Un esempio di risultati ottenibili con questa strategia di ricerca - ECM prodotta insieme da MMG e specialisti, è proposto nel contributo sulla valutazione di risultati dell'assistenza diabetologica.
Per concludere
1. E' ragionevole ritenere che l'unica uscita dalla trappola strutturale del conflitto di interessi di cui è portatrice la medicina è quella di professioni che si assumono in proprio la responsabilità di produrre conoscenze, a partire dalla esplicitazione e non dalla copertura delle ignoranze/incertezze/conoscenze-false-per-parzialità.
2. La praticabilità di questa via è certa. é certa anche la sua rilevanza per tante aree della terapia (solo casualmente tra le più controverse e costose?). Che a questa possibilità-obbligatorietà non corrisponda una probabilità immediata di implementazione su vasta scala non cambia il ragionamento né l'esigenza.
3. Mentre allo "schiamazzo" o alla "mancanza di galateo" dei ladri-che-fanno-scandalo, possono opporsi altri accorati gridi dell'etica (e, a volte, occasionalmente e casualmente, quelli dei giudici), la corruzione del non-senso che si è qui ricordata (con tutti i suoi "aloni" di una cultura dell'arroganza, del piccolo cabotaggio, del dire-non-dire, del non dialogo aperto con pazienti-cittadini) può cambiare se le si toglie il terreno su cui cresce, riconoscendo che la produzione di conoscenza (sui farmaci e su tutto) è compito primario e non delegabile di chi ha in carico i pazienti-cittadini. Non è area né privilegiata né prioritaria dell'industria.

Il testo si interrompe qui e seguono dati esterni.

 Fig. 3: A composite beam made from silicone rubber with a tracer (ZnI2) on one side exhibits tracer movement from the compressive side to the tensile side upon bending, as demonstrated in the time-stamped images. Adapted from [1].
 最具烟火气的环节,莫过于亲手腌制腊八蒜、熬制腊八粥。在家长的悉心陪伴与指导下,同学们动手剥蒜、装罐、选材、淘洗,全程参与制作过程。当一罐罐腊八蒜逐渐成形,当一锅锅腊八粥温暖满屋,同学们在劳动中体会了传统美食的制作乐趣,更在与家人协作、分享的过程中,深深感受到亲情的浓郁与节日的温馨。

4. Per produrre una conoscenza, che è dovuta ai pazienti ed alla dignità professionale, l'elemento determinante non sono le risorse "in più" (incentivi, rimborso-per-paziente, ecc.). La corruzione banale e inevitabile di cui si parlava sopra propone infatti come regola di non accettare neppure di pensare a "produrre conoscenze", se non si sa prima "chi paga". E tanti comitati "etici" ("i più seri!") sono così poco preoccupati di sapere se e quanto ci sono tentativi di risposta a bisogni inevasi, che non esaminano neppure le domande, se prima non sono pagati.

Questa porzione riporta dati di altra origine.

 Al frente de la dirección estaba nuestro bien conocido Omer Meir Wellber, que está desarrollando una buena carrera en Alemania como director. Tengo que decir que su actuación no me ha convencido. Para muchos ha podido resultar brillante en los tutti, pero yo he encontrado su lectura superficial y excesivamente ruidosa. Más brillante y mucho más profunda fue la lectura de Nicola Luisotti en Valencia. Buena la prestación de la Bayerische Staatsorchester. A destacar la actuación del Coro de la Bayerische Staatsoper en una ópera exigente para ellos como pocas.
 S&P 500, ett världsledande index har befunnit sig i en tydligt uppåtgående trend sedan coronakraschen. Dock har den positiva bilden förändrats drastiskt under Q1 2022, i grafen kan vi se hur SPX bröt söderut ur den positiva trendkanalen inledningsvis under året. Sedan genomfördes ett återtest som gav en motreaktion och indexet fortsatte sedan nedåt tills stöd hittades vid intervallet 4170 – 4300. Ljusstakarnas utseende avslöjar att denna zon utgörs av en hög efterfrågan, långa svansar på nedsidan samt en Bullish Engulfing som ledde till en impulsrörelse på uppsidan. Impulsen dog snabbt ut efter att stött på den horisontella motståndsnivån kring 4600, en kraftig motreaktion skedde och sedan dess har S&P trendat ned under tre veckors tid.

5. Si dovrà proprio chiedere alla Commissione ECM di dare crediti solo a coloro che documentano la propria incertezza-ignoranza con tanto rigore, da produrre (come certificato per meritare crediti) il razionale per un percorso (anch'esso accreditabile) che vuol cercare-produrre risposte come modo normale di esprimere la responsabilità professionale.